Celui que je ne raconte jamais parce que je ne comprends pas réellement ce qui s'est passé.
Ai-je rêvé, fantasmé ? Peut-être ai-je trop bu de ce thé bleu curaçao chez ma voisine soeurcière?
C'était comme deux comètes qui se reconnaissent dans l'immensité de la galaxie.
Rien ne les prédestinait à se croiser, ou au contraire, l'univers entier conspirait à les rassembler.
Mais l'univers a changé d'avis. Pas le bon moment, pas le bon tempo, et chacun reprend le cours de sa mélodie.

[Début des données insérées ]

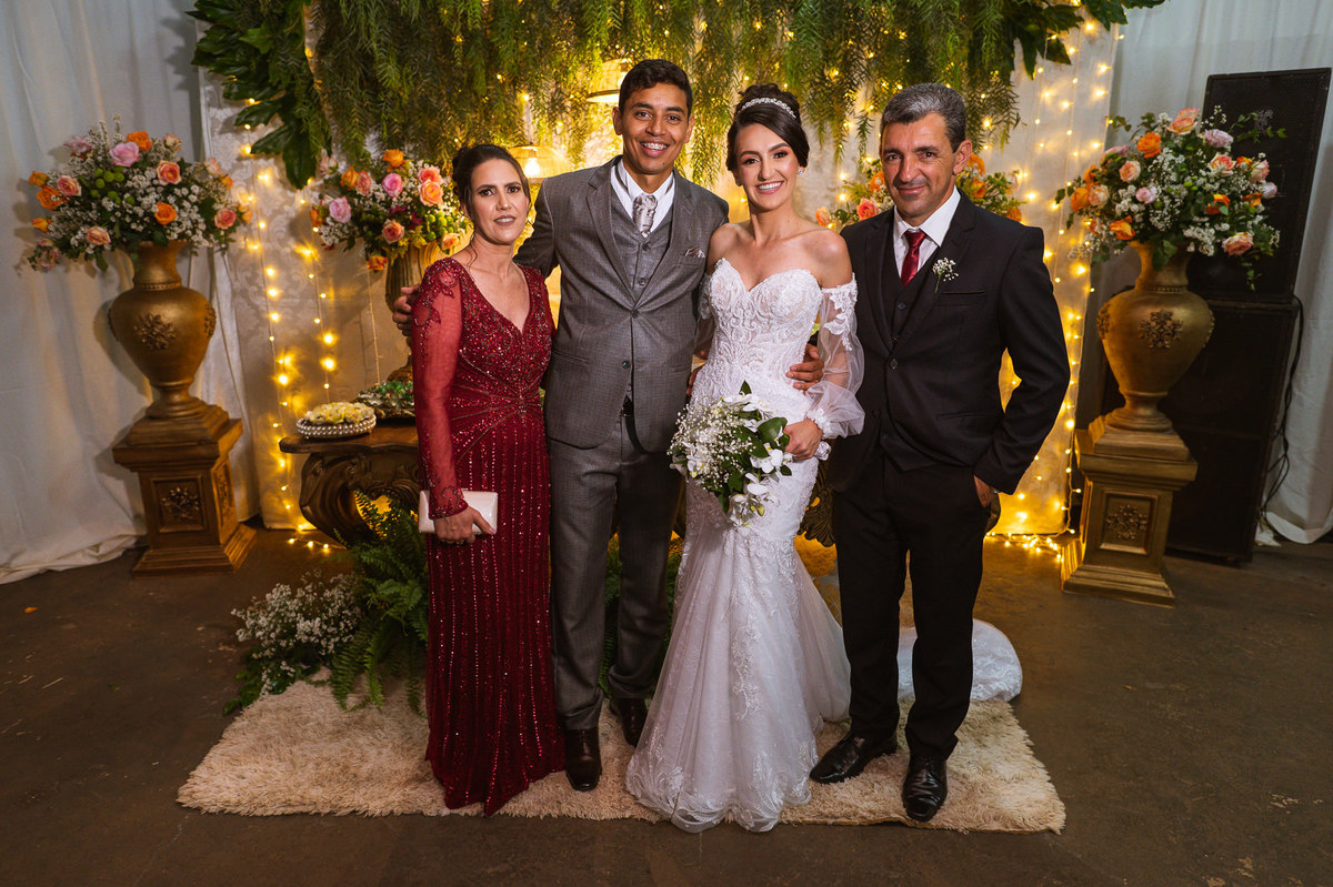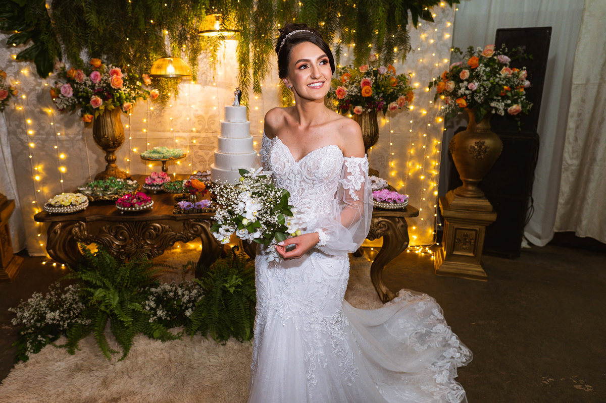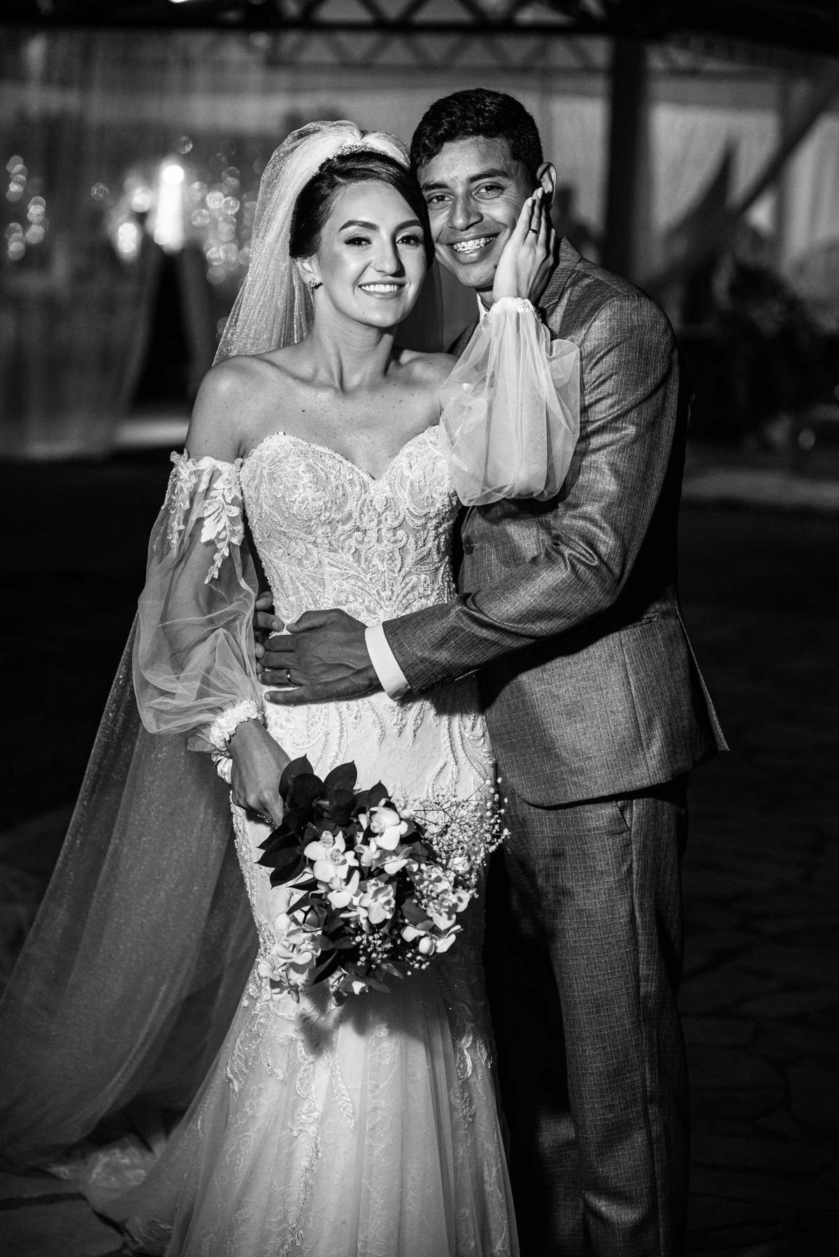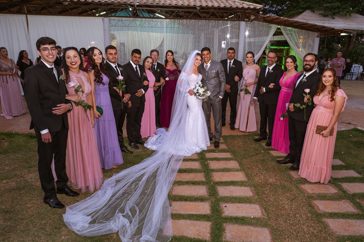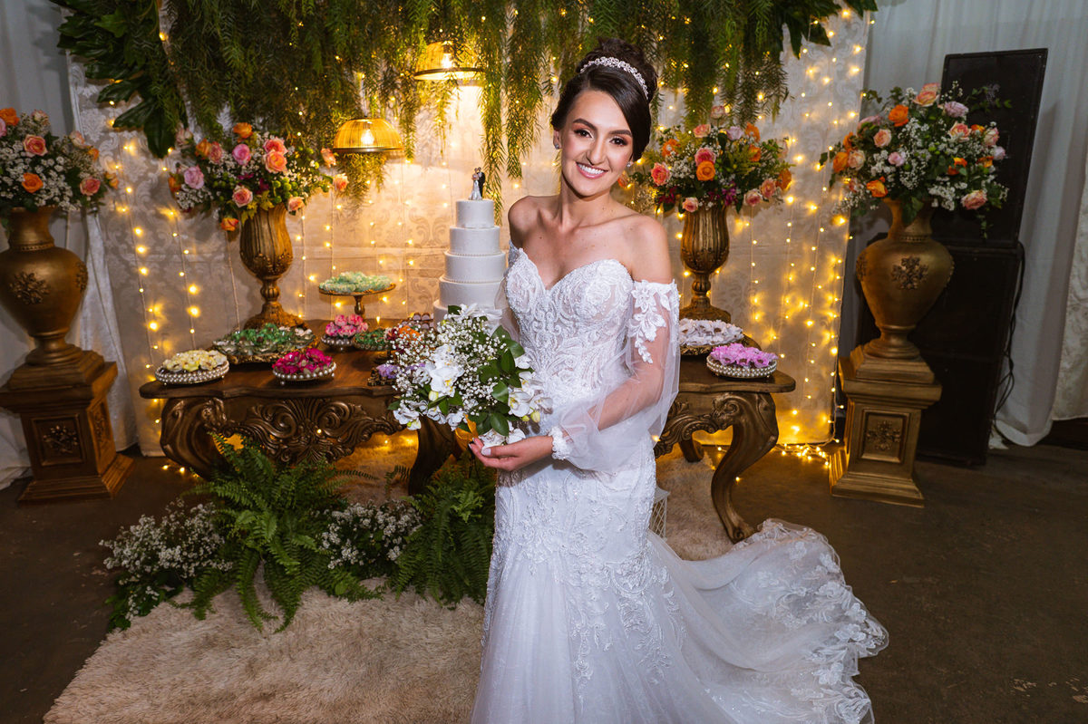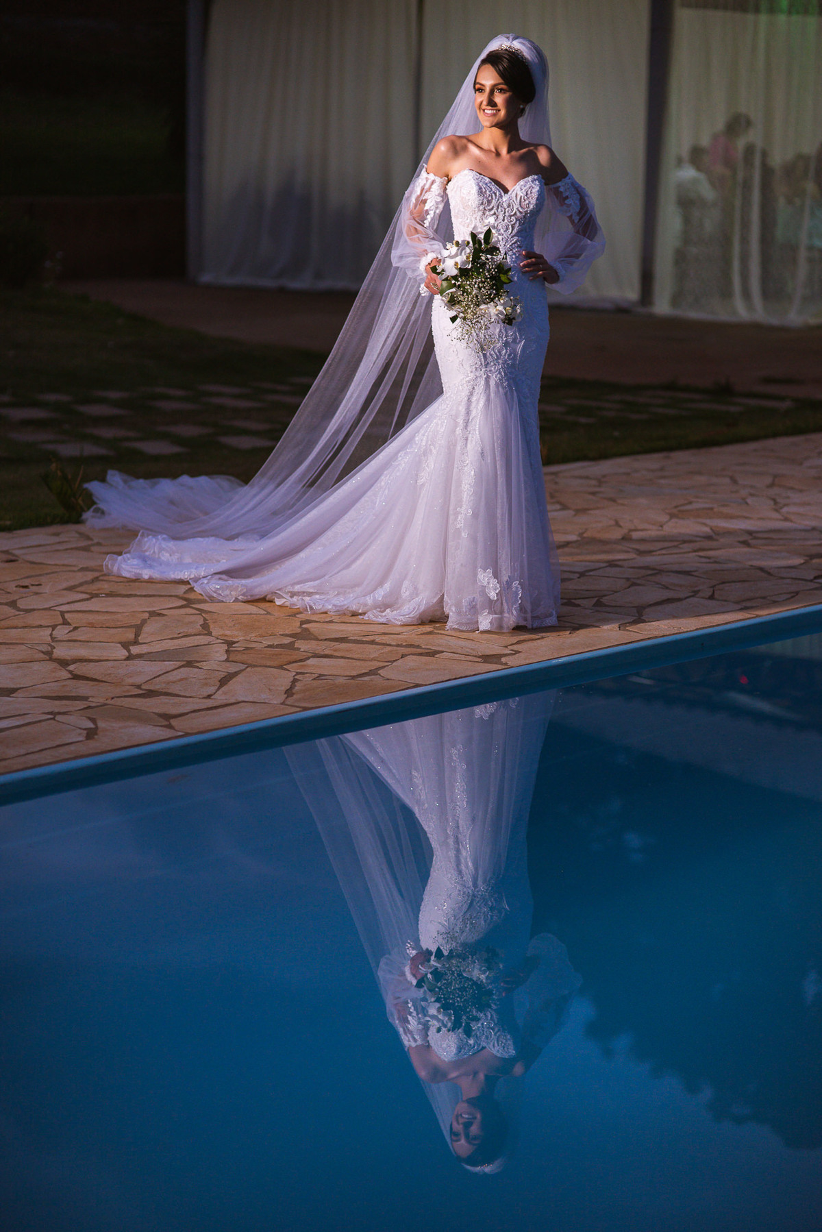 O vestido escolhido por ela veio assinado pela Hermanas Noivas e Festas. Um belíssimo modelo que a noiva escolheu com todo carinho. Ela mal conseguia aguardar para que chegasse o momento de vesti-lo. Os noivos optaram em realizar a cerimônia e recepção na chácara Espaço Real. Na chácara, Weverson já estava ansiosamente aguardando a chegada da sua noiva e início da celebração. Enquanto os convidados chegavam, o noivo cumprimentava e distribuía o sorriso meio contido que estampava o seu rosto naquele momento todo especial.

Reste le souvenir d'un amour qui n'a pas eu le temps de s'épanouir et qui se niche dans le mohair pour oublier la morsure de l'hiver sur une âme dénudée.
Et puis, il y a ces matins où le froid mord tellement que ma peau aspire à sa chaleur.
Ces matins où j'ai envie de m'y blottir et de chercher à débusquer du bout du nez le vestige de cet improbable "toi et moi", de m'envelopper de sa douceur, me remémorer la chaleur de ses mains, le ferveur de ses caresses, la passion de ses promesses.
Mais il n'y a que moi qui ne sais plus vraiment si je n'ai pas tout simplement rêvé trop fort d'un cœur similaire au mien pour toujours m'y sentir protégée.